> Your instructions:
With the pictures left out, restate exactly the part below that opens with the line containing "本文关于哈尔滨皮肤病医院的基本详情介绍就讲解完毕,希望对大家有所帮助。" and closes with the line containing "Das Feriendomizil bietet".

> Information provided:
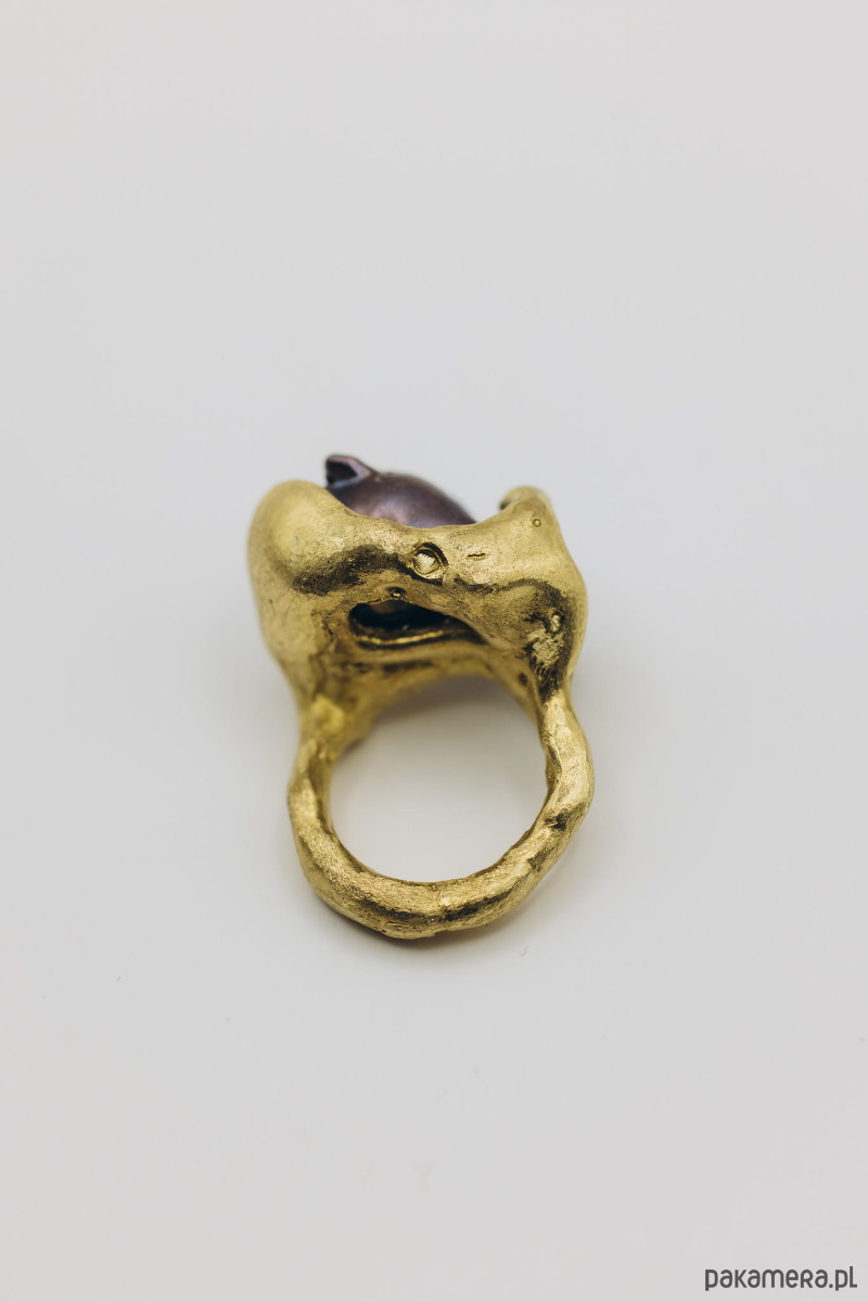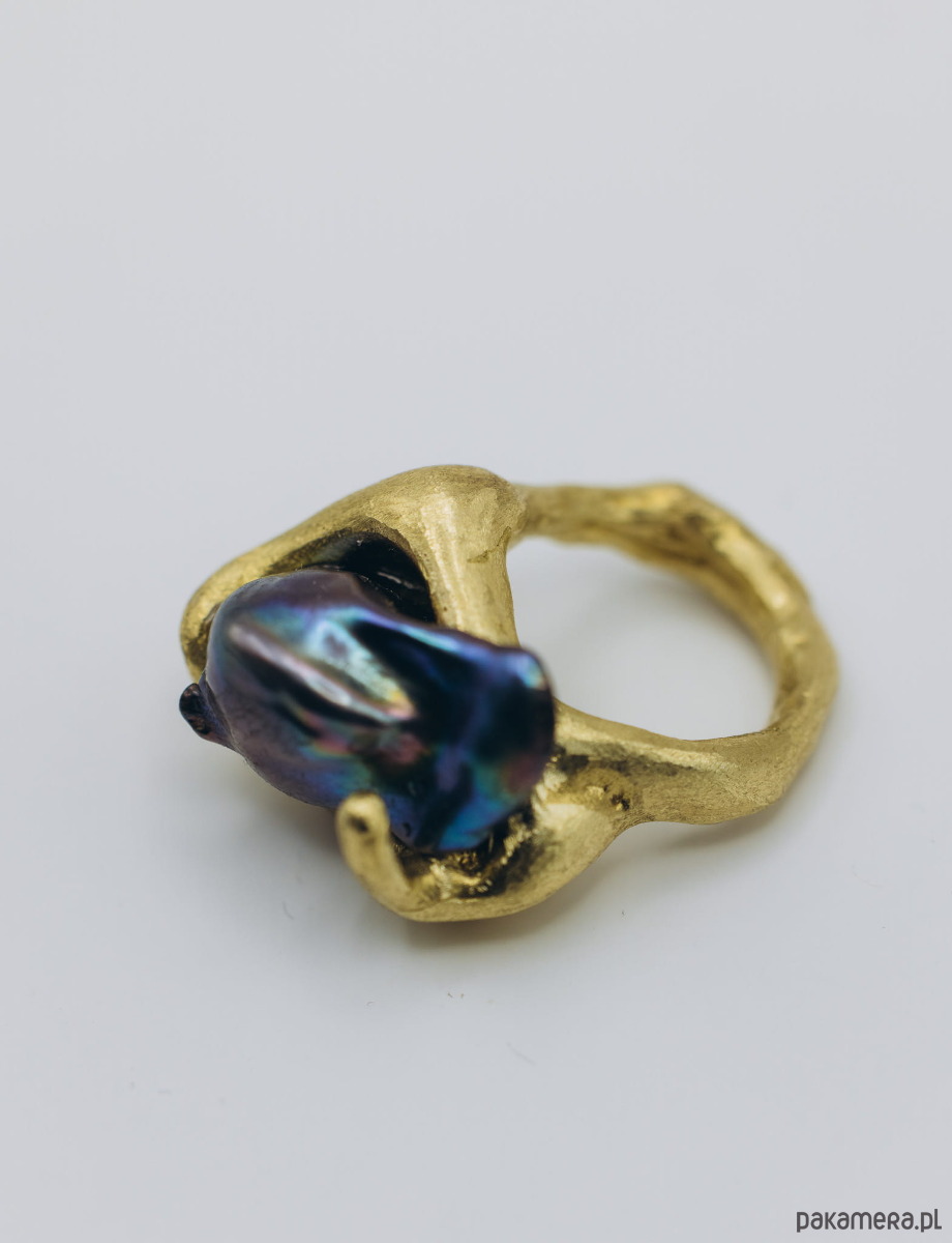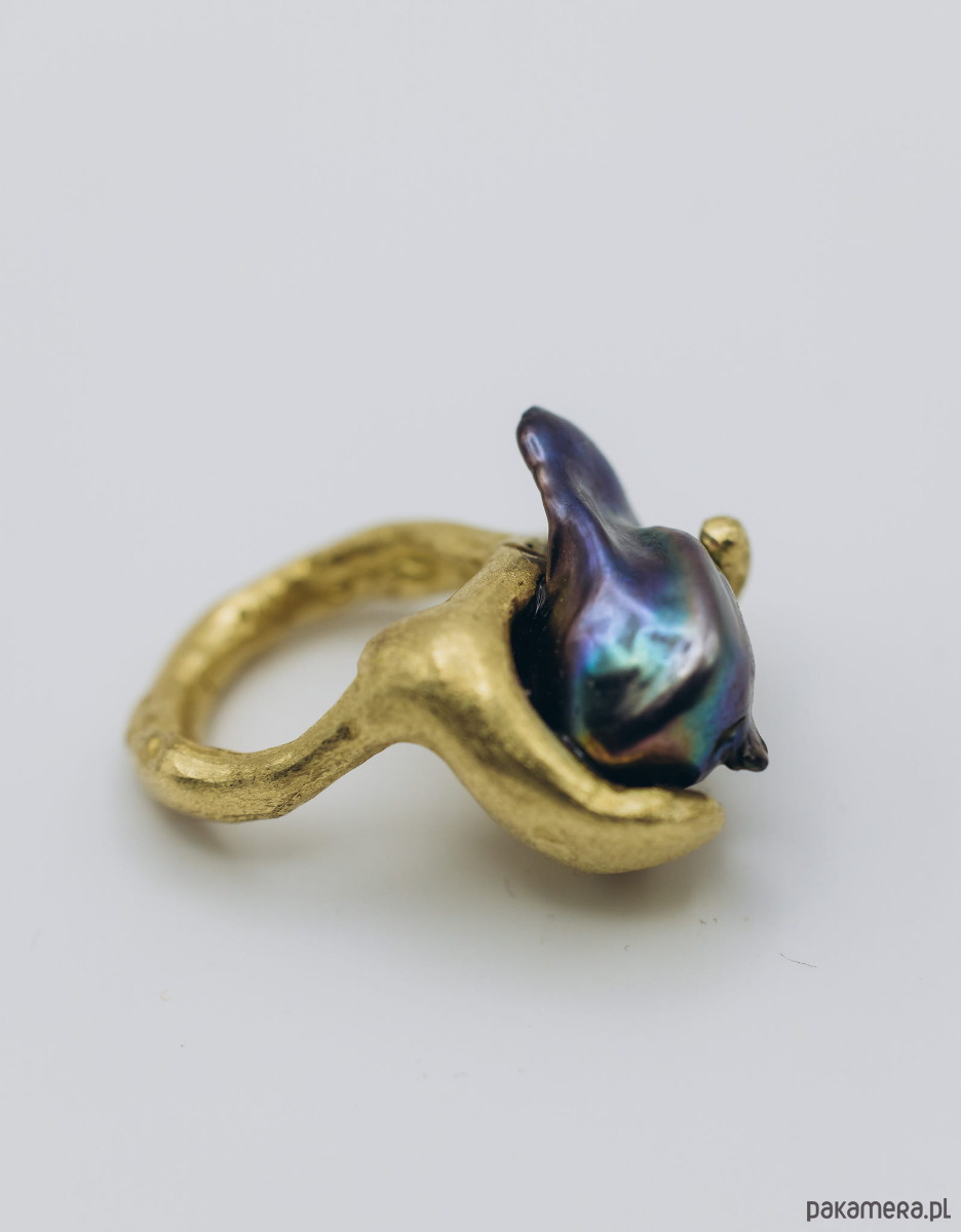 Ręcznie wykonany sygnet metodą wosku traconego. Materiał: mosiądz + perła naturalna baroque.
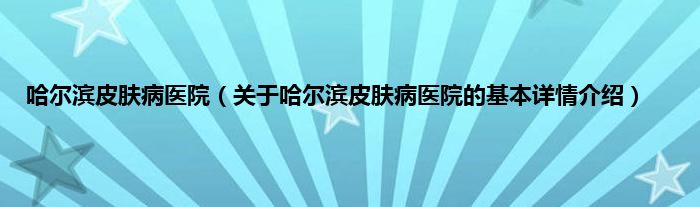 本文关于哈尔滨皮肤病医院的基本详情介绍就讲解完毕,希望对大家有所帮助。
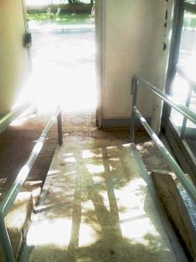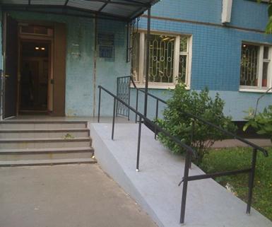 Виды пандусов: одномаршевые, 2-х-маршевые, прямые и криволинейные (из монолитного желзобетона). Пол пандуса должен иметь нескользкую поверхность. Ограждения высотой 0,9 м.
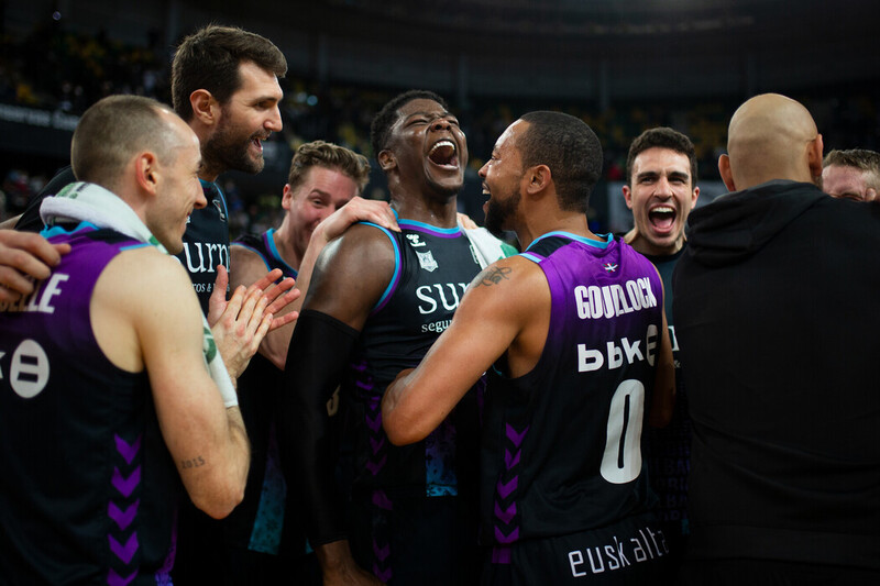 Foto: acb Photo / A. Arrizabalaga. Celebración de los jugadores de Bilbao Basket tras ganar Baxi Manresa
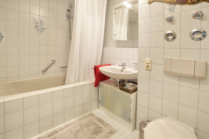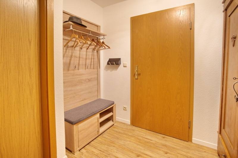 Das Feriendomizil bietet ein Schlafzimmer mit Doppelbett (180x200) und einem großzügigen Kleiderschrank. Das gemütliche Sofa im Wohnbereich lässt sich bei Bedarf als extra Schlafmöglichkeit ausziehen. Zusätzlich bietet Ihnen die Wohnung ein Badezimmer (1x Badezimmer mit Badewanne). Im Keller des Anwesens befindet sich die Waschmaschine sowie der Trockner des Apartments.
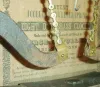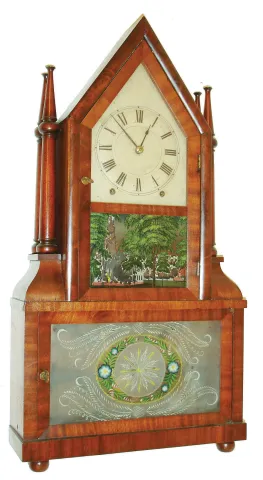 Birge & Fuller, Bristol, Conn., 8 day, time and strike wagon spring steeple on frame with candle finials or double steeple, c1845 Refinished mahogany veneered case in very nice condition with a couple of small chips on the hinge side of the bottom door and small repair to the molding near the top hinge of the top door. Original painted dial has some minor loss at the mounting pins. Both glasses are original with some loss to the upper tablet. Hands are replacements. The chain on the wagon spring section looks to be a replacement. The leaves that make up the wagon spring maybe a replacement as they look to have been cut with a shear. Movement is signed. Ht 26"
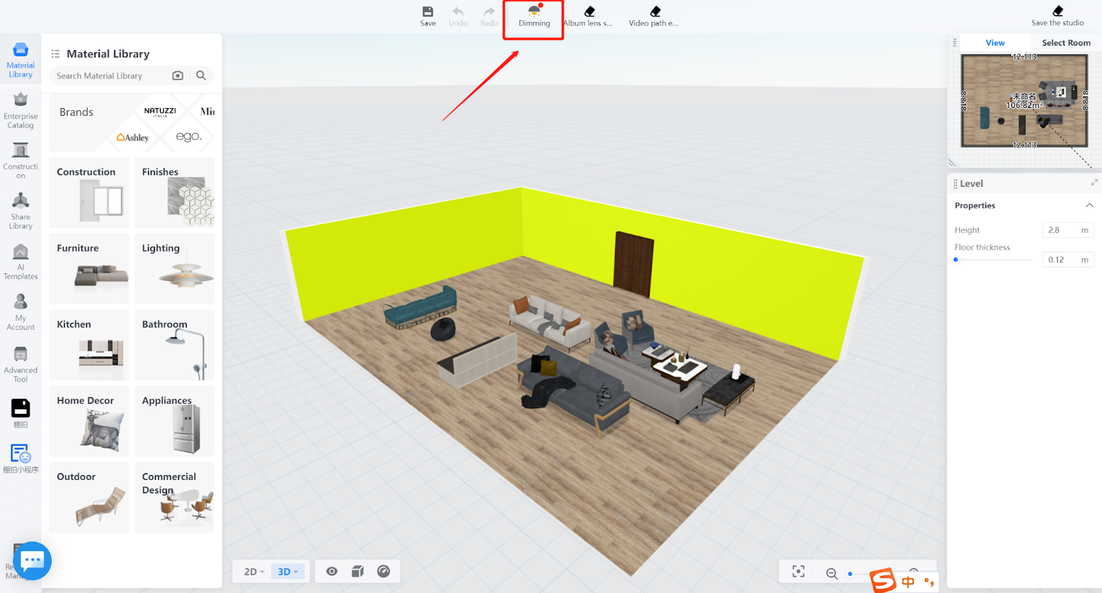 5. On the interface for studio editing, click Dimming on the top bar to start using the lighting adjustment tool.

> Output below:
 本文关于哈尔滨皮肤病医院的基本详情介绍就讲解完毕,希望对大家有所帮助。
 Виды пандусов: одномаршевые, 2-х-маршевые, прямые и криволинейные (из монолитного желзобетона). Пол пандуса должен иметь нескользкую поверхность. Ограждения высотой 0,9 м.
 Foto: acb Photo / A. Arrizabalaga. Celebración de los jugadores de Bilbao Basket tras ganar Baxi Manresa
 Das Feriendomizil bietet ein Schlafzimmer mit Doppelbett (180x200) und einem großzügigen Kleiderschrank. Das gemütliche Sofa im Wohnbereich lässt sich bei Bedarf als extra Schlafmöglichkeit ausziehen. Zusätzlich bietet Ihnen die Wohnung ein Badezimmer (1x Badezimmer mit Badewanne). Im Keller des Anwesens befindet sich die Waschmaschine sowie der Trockner des Apartments.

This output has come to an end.